Question 5 Short Answer
A battery is observed to have a lower voltage than its nominal (standard) rated potential after extended use. Use the Nernst equation to explain mechanistically why this occurs.
Think about your answer, then reveal below.
Model answer: As a battery discharges, the cell reaction consumes reactants and produces products, continuously increasing the reaction quotient Q. In the Nernst equation E = E° − (RT/nF) ln Q, a larger Q increases the subtracted term, directly reducing E. The cell potential thus falls progressively from E° toward zero as Q rises toward the equilibrium constant K. When E = 0, Q = K and the battery is exhausted — it can no longer drive current because there is no thermodynamic driving force remaining. The battery is not 'broken'; it has simply reached chemical equilibrium.

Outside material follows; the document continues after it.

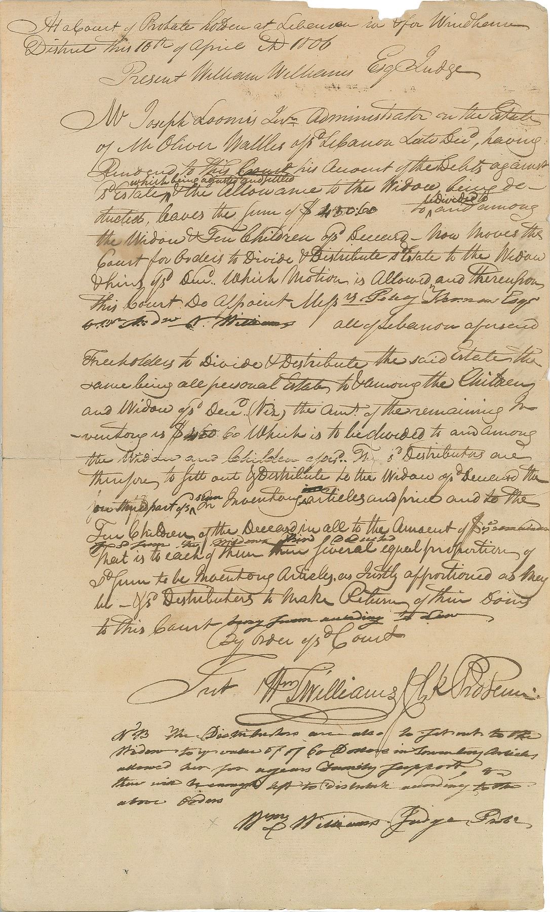 Interesting manuscript DS, signed “W. Williams” and “Wm. Williams, Judge Prob.,” one page, 7.25 x 12.75, April 10, 1806. Probate court document outlining distribution orders for the estate of Mr. Oliver Wattles of Lebanon. Williams makes several handwritten emendations to the body of the document, adding a five-line note at the conclusion. Signed both within the body and at the conclusion by Williams. In fine condition, with some chipping to edges and archival tape repairs to reverse. Accompanied by a full letter of authenticity from JSA.

This mechanistic explanation unifies the everyday observation (batteries run down) with the thermodynamic framework (cells approach equilibrium). It also explains why rechargeable batteries work: forcing current through the cell in reverse drives Q back below K, restoring reactant concentrations and rebuilding the voltage. The same logic explains concentration cells — two identical electrodes in solutions of different concentration generate voltage purely from the Q imbalance, with no net chemical reaction.